Wang LiQiang, Li CuiFeng
Department of Biochemistry and Molecular Biology, College of Life Science, Nankai University, Weijin Road 94, Tianjin, 300071, China,
Biotechnol Lett. 2014 Oct;36(10):1963-9. doi: 10.1007/s10529-014-1577-3. Epub 2014 Jun 15.
A genetic algorithm (GA) coupled with multiple linear regression (MLR) was used to extract useful features from amino acids and g-gap dipeptides for distinguishing between thermophilic and non-thermophilic proteins. The method was trained by a benchmark dataset of 915 thermophilic and 793 non-thermophilic proteins. The method reached an overall accuracy of 95.4 % in a Jackknife test using nine amino acids, 38 0-gap dipeptides and 29 1-gap dipeptides. The accuracy as a function of protein size ranged between 85.8 and 96.9 %. The overall accuracies of three independent tests were 93, 93.4 and 91.8 %. The observed results of detecting thermophilic proteins suggest that the GA-MLR approach described herein should be a powerful method for selecting features that describe thermostabile machines and be an aid in the design of more stable proteins.

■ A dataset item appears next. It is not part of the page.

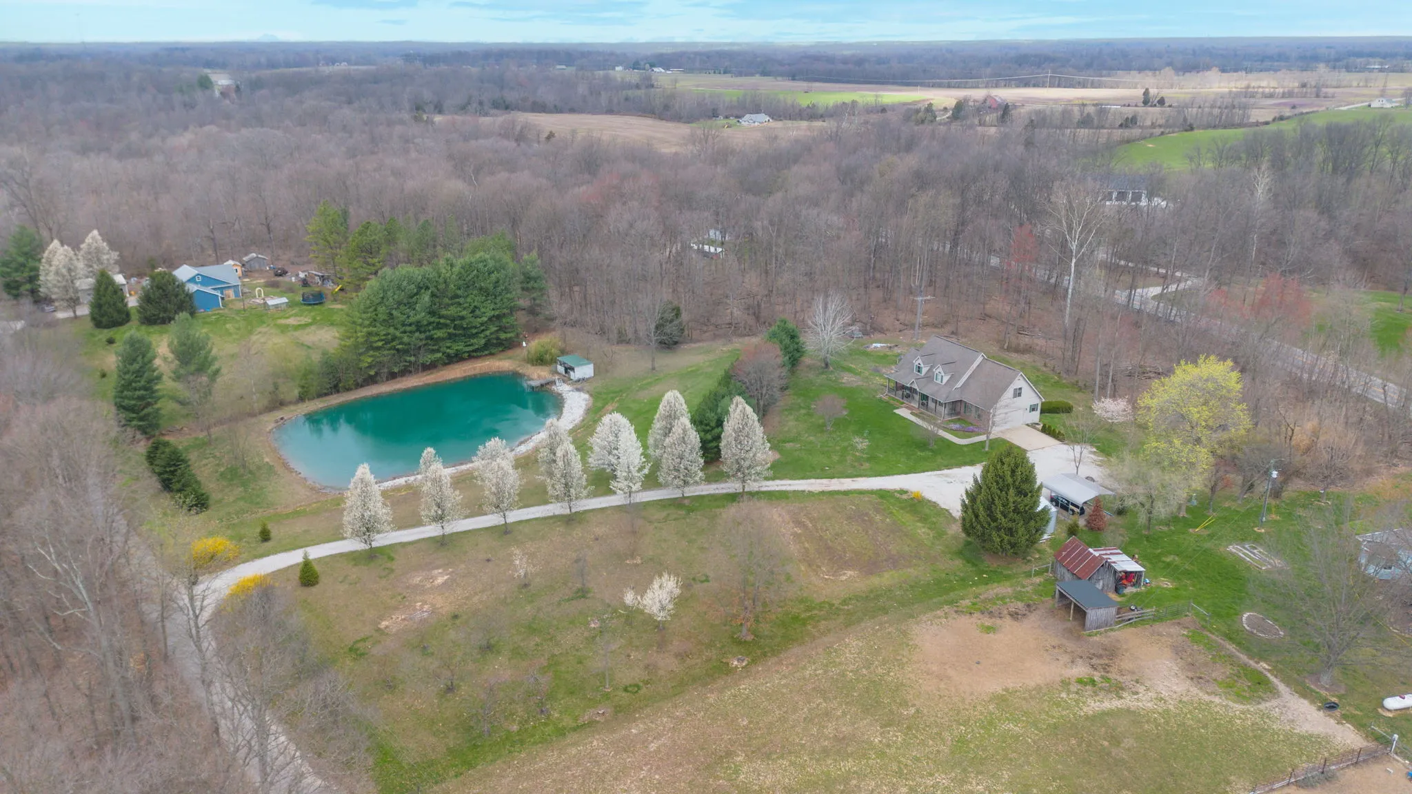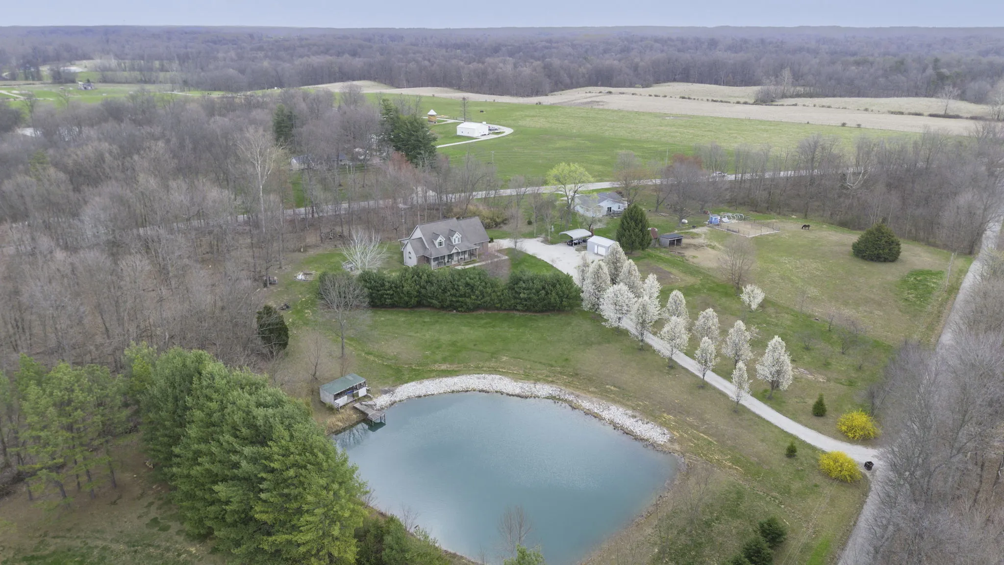 WOW! This beautiful 2600+ sq/ft home offers ample space with its 4 bed and 3 baths over a full walkout basement. A little slice of paradise sitting on over four acres with a pond, this property is gorgeous inside and out! The main floor master suite provides an oasis of relaxation and comfort with an ensuite that has a jetted tub, shower, and his and hers walk-in closets. Upstairs there are three additional bedrooms and a very generous full bath. As you head down to the basement, you will find a spacious family room, full bath, and flexible living space. Step outside and enjoy the covered porch out front or the covered deck in the back, which are both perfect for taking in those beautiful Hoosier evenings. A brand new geo-thermal unit ensures that you stay comfortable, while an attached 2-car garage and gravel parking area provide ample space for parking when hosting your housewarming party!

将遗传算法(GA)与多元线性回归(MLR)相结合,用于从氨基酸和g-间隔二肽中提取有用特征,以区分嗜热蛋白和非嗜热蛋白。该方法通过包含915个嗜热蛋白和793个非嗜热蛋白的基准数据集进行训练。在使用9种氨基酸、38个0-间隔二肽和29个1-间隔二肽的留一法测试中,该方法的总体准确率达到了95.4%。准确率作为蛋白质大小的函数,范围在85.8%至96.9%之间。三项独立测试的总体准确率分别为93%、93.4%和91.8%。检测嗜热蛋白的观察结果表明,本文所述的GA-MLR方法应该是一种强大的方法,用于选择描述热稳定机制的特征,并有助于设计更稳定的蛋白质。